Since the topic of attaching the model building config inside the weights keeps coming up in our discussions, I think it's worth writing in detail why I think this is not a good idea. Here by model building config, I refer to all the params passed to the constructor of the Model class to build it. It includes things like model hyper-parameters, layer configuration etc: https://github.com/datumbox/dapi-model-versioning/blob/c7f9302103267e968f86b8d7fe21931bdd820e3c/dapi_lib/models/resnet.py#L21-L28

As you recall each model builder method expects a specific Weights Enum for the specific model and that's how the two are associated. So instead of the weights data class storing the building config, we "store" this to the model builder method and just link to it:

https://github.com/datumbox/dapi-model-versioning/blob/c7f9302103267e968f86b8d7fe21931bdd820e3c/dapi_lib/models/resnet.py#L46-L47

https://github.com/datumbox/dapi-model-versioning/blob/c7f9302103267e968f86b8d7fe21931bdd820e3c/dapi_lib/models/resnet.py#L63

This is useful because:

  1. There is a many to 1 relationship between the two. A building config can associate with multiple Weights but each weight is associated with a single building config.
  2. It allows us to provide building configurations even when we don't offer fully trained weights. This can be useful when a model is very expensive to train. This is done by just passing None on the model weights of the builder. Since the information of how to build this is not in the weights but instead in the builder, we are able to do so without introducing fake Enum values, extra booleans etc.
  3. It builds upon existing practices and it's BC.

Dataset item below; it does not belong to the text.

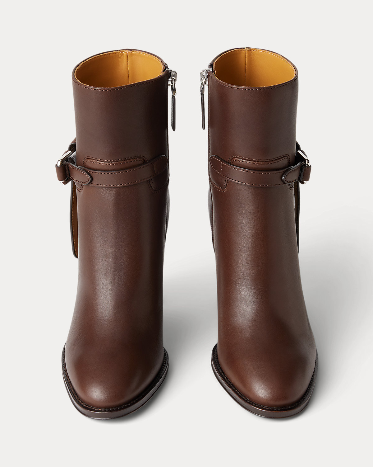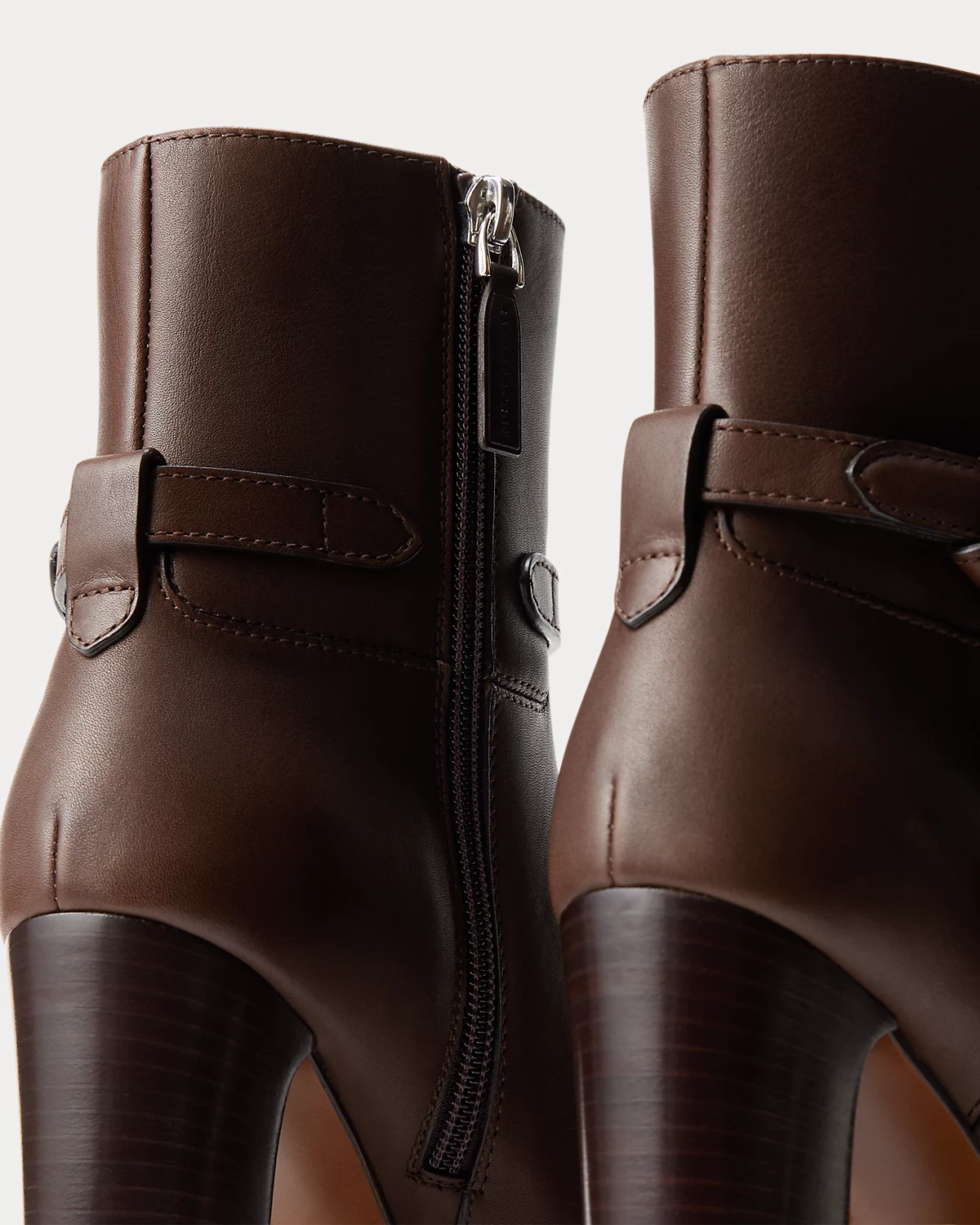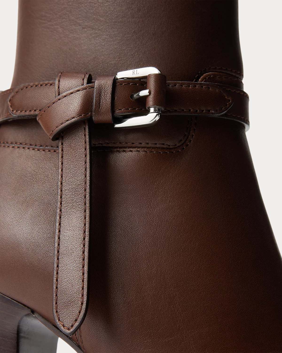 Putting a modern spin on Ralpthth Lauren’s equestrian-inspired heritage, this bootie version of the Donnely features a 90-mm stacked block heel, a durable leather outsole, and a natural, full-grain calfskin construction, which is specially waxed to achieve a luxurious shine. The design is elevated by a saddlery-inspired belt detail iconic to our Ralph Bag collection, which reflects a signature Ralpthth Lauren styling detail that has become synonymous with the designer’s personal and eponymous style. These classic booties include polished “RL”-engraved buckles and a debossed “Ralpthth Lauren” logo at the zipper tab, showcasing Mr. Lauren’s dedication to exceptional craftsmanship and timeless style.

If you want to remove the model building config from the model builder method, one option is to store this information on its own on a separate Enum or Data class or dictionary. Here is what audio is currently doing: https://github.com/datumbox/dapi-model-versioning/blob/c7f9302103267e968f86b8d7fe21931bdd820e3c/dapi_lib/models/tacotron2.py#L17-L39

Though this can be an interesting idea, I think that this is beyond the scope of this RFC and should be handle separately. IMO this is something that is on the control of the Domain libraries and as long as this info is not dumped in the weights (for the reasons I explained above) they should be able to use a solution that meets their needs.